Penne Rigate with Asparagus & Wild Mushroom
Serving a pasta side dish at your dinner party can be boring. But by creating pre-made mini bowls and displaying on a pretty tray, you have a fun new way of entertaining!
Penne Rigate with Asparagus & Wild Mushroom Ingredients: (serves 10 cups)

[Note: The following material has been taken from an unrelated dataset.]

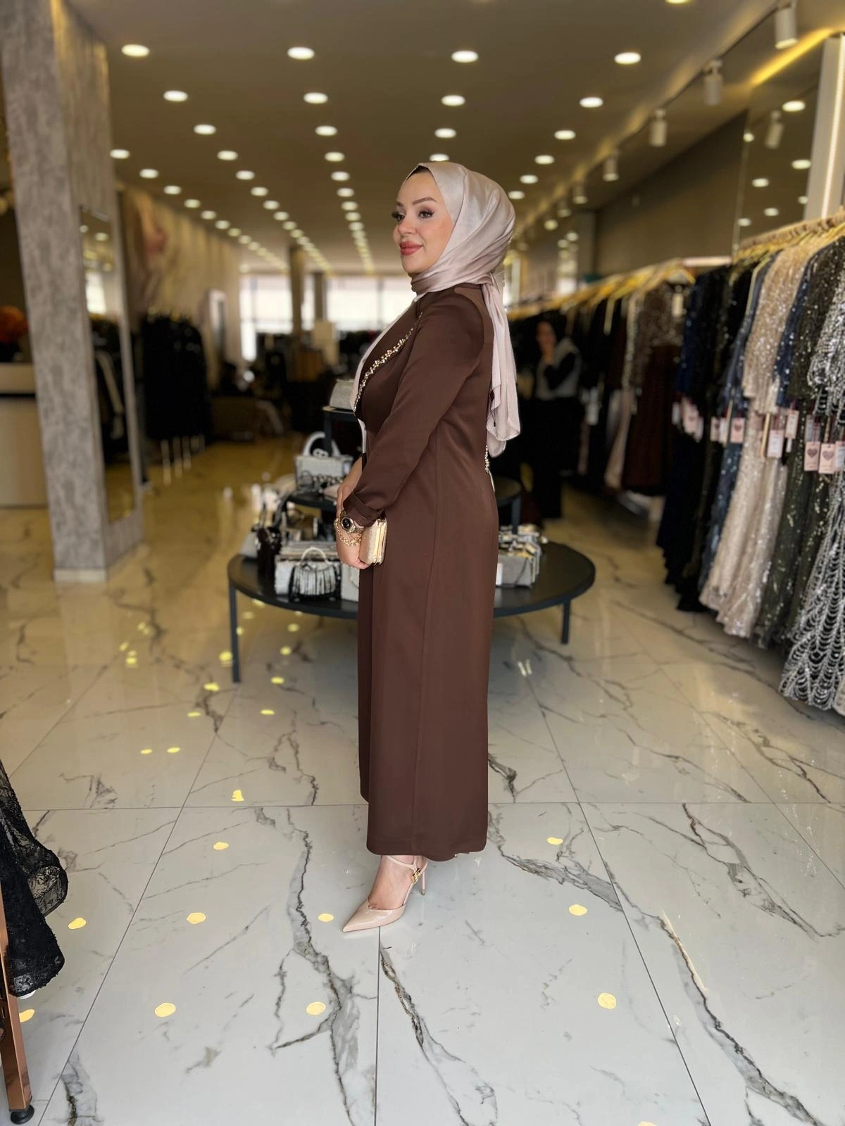 MATEKS-CEKETLİ ELBİSELİ TAKIM KAHVE
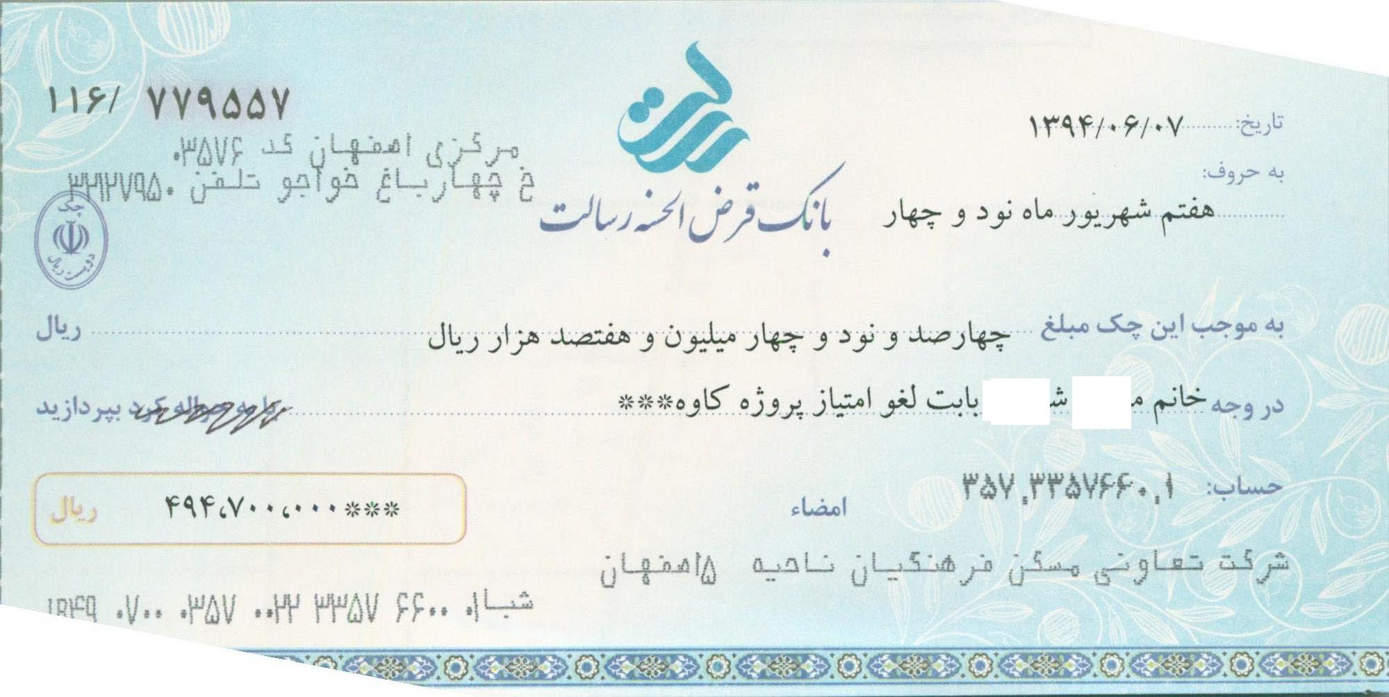 با توجه به ماده 58 اساسنامه تعاوني هاي مسكن و پيرو  دو اخطار كتبي ارسال شده در تاريخ هاي 26/03/1394 و 10/04/1394 جهت جلوگيري از خسارت و ضرر و زيان بيشتر به پروژه كاوه امتياز ايشان لغو و واريزي نامبرده پس از كسر 3 درصد هزينه هاي تعاوني مسترد گرديد .

  • 1 pound Delverde Penne Rigate
  • ½ cup Lucini Organic Limited Reserve Extra Virgin Olive Oil
  • 1 pound Shitake Mushrooms
  • 3 shallots finely minced
  • 1 pound asparagus
  • ¼ cup pine nuts
  • ½ cup fresh Parmigiano Regianno
  • Salt and pepper to taste
Cook Delverde Penne Rigate as instructed on the box. Meanwhile, in large skillet add the extra virgin olive oil and heat over medium heat. Sauté garlic and shallots, cooking till lightly golden. Add mushrooms and sauté for another 3-4 minutes. Add cooked asparagus and pine nuts and heat through for 2 to 3 minutes. Toss sautéed ingredient with hot pasta, Parmigiano, salt and pepper to taste. Finish with a drizzle of extra virgin olive oil.